I have the desire to build a full size steam launch. Nothing big, something for 4-6 people to putt around in. (16-18 feet long). I figured it would be best to start with the engine. I have my mind set on a two cylinder vertical engine. Can anyone point me in the direction of plans for an engine to power a boat of this size and maybe a discussion forum or literature on building steam launches. I'm from Minnesota USA and I don't personally know anyone around this area that has done this. Basically shooting in the dark right now. Any help is appreciated. In addition, I plan on finding and modifying an old wood boat for this project.


----------



## fcheslop (Sep 6, 2019)

Hi, hope these links may help
https://thesteamboatingforum.net/fo...sid=c032bce3e0a3226707e051415cc55437&start=10

https://www.camdenmin.co.uk/products/the-steam-engines-of-ray-hasbrouck

https://steamboatassociation.co.uk/

http://www.tinypower.com/

http://www.selway-fisher.com/Steam2030.htm


----------



## Ironman2 (Jan 6, 2020)

Tim_Eickschen said:


> I have the desire to build a full size steam launch. Nothing big, something for 4-6 people to putt around in. (16-18 feet long). I figured it would be best to start with the engine. I have my mind set on a two cylinder vertical engine. Can anyone point me in the direction of plans for an engine to power a boat of this size and maybe a discussion forum or literature on building steam launches. I'm from Minnesota USA and I don't personally know anyone around this area that has done this. Basically shooting in the dark right now. Any help is appreciated. In addition, I plan on finding and modifying an old wood boat for this project.
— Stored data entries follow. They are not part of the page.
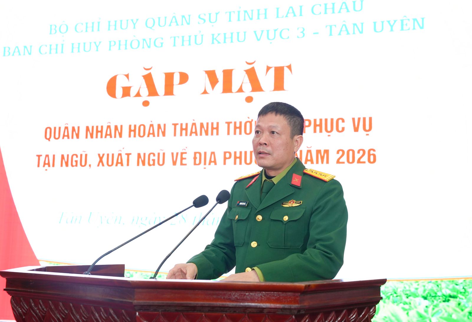 Phát biểu tại buổi gặp mặt, đồng chí Đại tá: Nguyễn Hữu Đức – Chỉ huy Trưởng Ban Chỉ huy Phòng thủ khu vực 3 Tân Uyên ghi nhận và biểu dương tinh thần trách nhiệm, ý thức tổ chức kỷ luật, sự nỗ lực hoàn thành tốt nhiệm vụ của các quân nhân trong suốt thời gian phục vụ tại ngũ. Đồng thời mong muốn khi trở về địa phương, các đồng chí tiếp tục phát huy phẩm chất “Bộ đội Cụ Hồ”, gương mẫu chấp hành chủ trương của Đảng, chính sách, pháp luật của Nhà nước, tích cực tham gia lao động sản xuất, xây dựng quê hương ngày càng phát triển.
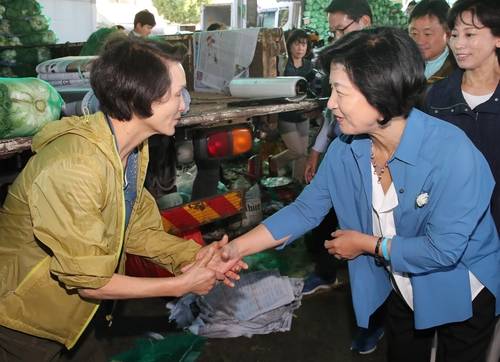 ▲더불어민주당 추미애 신임대표가 30일 오전 민생탐방을 위해 서울 송파구 가락시장을 방문해 시장 상인과 인사를 하고 있다.(사진=연합뉴스)
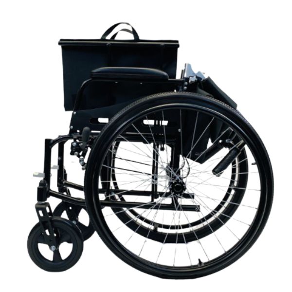 This heavy duty chair by Feather Mobility includes a foldable chair back that provides extra convenience when storing the chair or transporting it in a car. The chair back folds down easily, making it easy to store the chair in a small space. This feature is perfect for those who need a wheelchair that is both heavy-duty and easy to store or transport, providing maximum convenience for those on the go.

I bought the iron castings and full scale plans for a 30hp V twin steam engine from Light Steam Power magazine in the UK back in 1984. Plans include a boiler. I still have the plans, and castings and the bearings I bought. The bearings are a bit rusty and I would replace them. I started to machine a crankshaft and started to machine the pulley on the output shaft and then life got in the way.
I would like to sell the Kit as I'm in my 70's now and will never do this. I do not know what it is worth.


----------



## Charles Lamont (Jan 7, 2020)

http://www.steamlaunch.com/engines/index.html

https://www.stuartmodels.com/item/57/stuart-6a-unmachined


----------



## RonGinger (Jan 8, 2020)

Many small launches have been built using one of Ray HasBroucks engine designs, #1, #5, #8 and #10. All of his designs have now been published in one book available from Village Press. I built a 16ft boat using #5.
https://secure.villagepress.com/store/items/detail/item/2612


----------



## rleete (Jan 9, 2020)

How about a scaled up version of Bogstandard's Paddleduck engine?  Very well documented, and almost guaranteed to run.


----------



## ignator (Jan 10, 2020)

Tim: I purchased a book many years ago _Steam and Stirling engines you can build_ Copyright 1980, Wildwood Publications, Division of Live Steam, Inc.
There is an engine on page 11 titled Half-Horse Marind Engine, by Henry Greenly (from the collection of Weston Farmer). It shows a disgram of a Launch that looks like the African Queen (movie) launch. It even gives detail for the hull shape, and section diagram of  the boiler, and hull with engine and drive shaft to the propeller (direct drive). The engine has detail drawings for it's construction. The boat sketch shows a child, and the text reads "two-Rover-Boy-sized". This should be able to be scaled up to the size you desire, as well the engine.

https://www.amazon.com/Steam-Stirli...g+engines+you+can+build&qid=1578674153&sr=8-6

If you do an inet search, you can find sellers of this used for < $22. Amazon reviews indicated issues with the Stirling engines from a build detail, or castings required.


----------



## Andy Munns (Jan 11, 2020)

also see KB Harris work at https://www.maidstone-engineering.c...e-high-pressure-single-cylinder-launch-engine


----------



## Andy Munns (Jan 11, 2020)

Also http://www.steamlaunch.com/engines/york.html


----------